# Can anyone identify this weed? I really like it!! [pics]



## perpetualjon (Jan 30, 2009)

I have a home in Southern California. We get rain but it's about 7 days out of the year on average. We've gone entire years without rain in the past! I'm really not interested in a regular grass lawn as I don't like the maintenance and how much water it requires to maintain... However, since we've had a pretty big spat of rain this past month, I've noticed the following weeds on my front lawn. Mind you, I've literally ignored my front lawn for 10 years so there's been no "human intervention" here for quite some time...










Here's a closeup of the plant...









I'd love to know what this plant is called, and how to get it to spread to the entire lawn and let it flourish over the small remaining grass patches I currently have... Any ideas guys?


----------



## chris75 (Aug 25, 2007)

Haha. not what I pictured when I read the thread title... :laughing:


----------



## perpetualjon (Jan 30, 2009)

BBBBWWWWWWAAAAahahaha!! I guess I wasn't thinking when I posted this!! Now that's funny.


----------



## Bob Mariani (Dec 1, 2008)

looks like a wild geranium (CA hybird?)


----------



## DangerMouse (Jul 17, 2008)

i just had to look.... some strange draw to this thread.... hmmmmmm

DM


----------



## jcalvin (Feb 6, 2008)

glad to hear that i'm not the only one that thought that.


----------



## perpetualjon (Jan 30, 2009)

Yeah, I'm still laughing to myself about that one!! Turns out, the flowers only come out in the sunlight. I came home last night thinking that I had taken a pic at just the right time since they were no linger in bloom but it turns out they "tuck in at night"...

It's really a perfect plant for the desert out here since they don't get more than a couple inches above the ground --and never need mowing.


----------



## perpetualjon (Jan 30, 2009)

Ok, here's an update: I've taken an additional pic with my tape measure for scale purposes...









The flower actually opens only during the day. By dusk, the flowers close up for the night. My front yard has some grass, a few other types of weeds, and this stuff. What I'd truly love to do is just have this plant in my yard and help it flourish. It seems to require very little watering, only grows to about 4" in height so it needs no mowing either (bonus). Any ideas how I can pull this off?


----------



## gma2rjc (Nov 21, 2008)

I don't know what the name of it is. You might be able to get more of it to grow though. 

Look around for some blooms that are dried-up. If there are seeds inside, try to gather a bunch in your hand and spread them in the area where you want more to grow.

Look at the roots of the plant. If it sends out runners, you can transplant a few of the plants into the area you want to fill-in. 

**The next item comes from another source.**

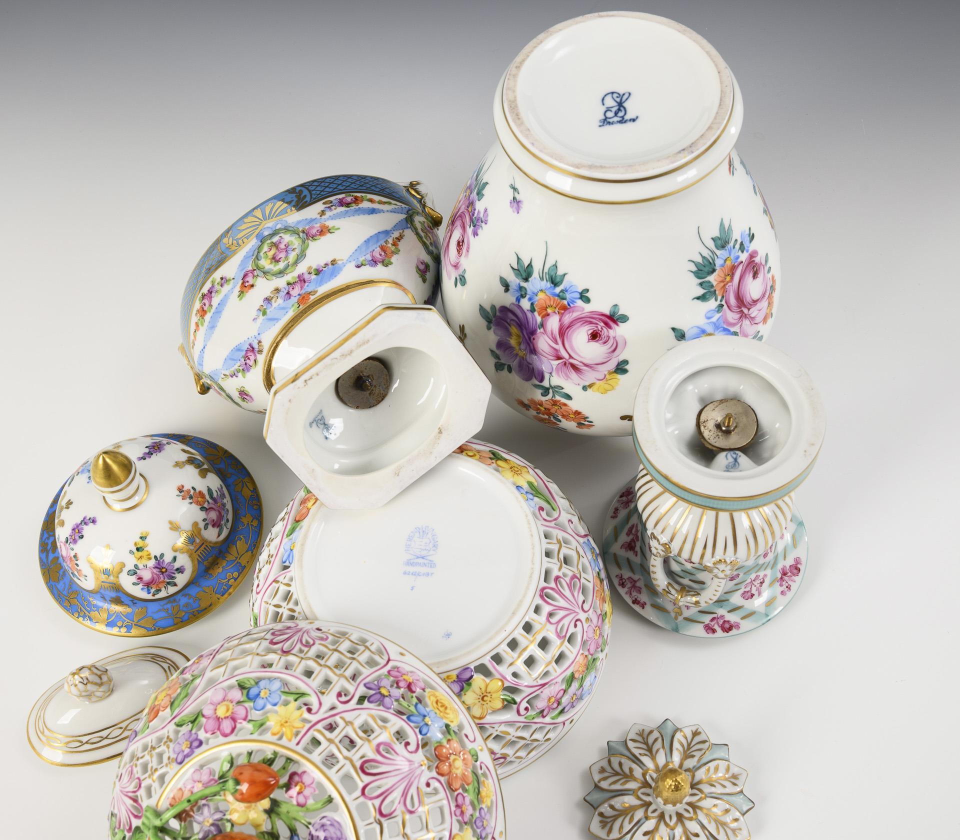 3 Deckelvasen Potschappel und und 1 Potpourridose Herend.

Take a few pictures of them to a local nursery or your county extension service. They should be able to tell you what it is.


----------



## Lali (Oct 27, 2009)

It's called Common Storksbill (erodium cicutarium) also known as Redstem Filaree. Member of geranium family. (Bob, you were close!) Propagation by seeds. (gma you were right!) You can check it out on 'wikipedia'. :yes:


----------



## perpetualjon (Jan 30, 2009)

Holy thread revival!! Thanks so much Lali for identifying this vegetation. Sadly, I didn't quite realize that this weed is quite seasonal. I only get it for about 3-4 months of the year and it blooms for even less time. I was hopeful that I could find a weed (or anything for that matter) that would stay green and low to the ground without too much maintenance or effort. But the fact is that I live in the desert and sometimes it doesn't rain for an entire year. I don't want to setup a sprinkler system of anything so it looks like I'll be using lava rock or something similar in my yard (when I eventually get to it).


----------



## Lali (Oct 27, 2009)

You're very welcome. The pleasure is all mine. Tried to link to your ongoing project a couple of times & program was not responding.  Will try again another time.


----------



## perpetualjon (Jan 30, 2009)

Lali said:


> ...Tried to link to your ongoing project a couple of times & program was not responding.  Will try again another time.


That's strange. The link is right within this forum!!


----------



## Lali (Oct 27, 2009)

Was able to check out your ongoing project, but unable to link to roof repair, etc. (possibly something wrong with my computer):huh:. Holy hen !!! That looks like some pretty nasty stuff & must have been quite the stench. You certainly do have your hands full. Thanks for sharing this; seriously makes me wonder what lurks behind my walls & beneath my flooring...maybe black mold is only part of the reason I feel gross since I moved in here a year & a half ago (and why the majority of the tenants in here are sick alot). How does one go about checking this out without ripping the walls apart??? 

Keep up the great job; I admire your courage, tenacity & perseverance!:thumbup:

Hope y'all had a wonderful Thanksgiving yesterday!:yes:


----------



## perpetualjon (Jan 30, 2009)

Lali said:


> ...How does one go about checking this out without ripping the walls apart???


Well now that's a good question. My guess would be either opening certain sections of the wall (probably near the bottom) or using a bore-scope to check in key areas... Good luck yourself!!


----------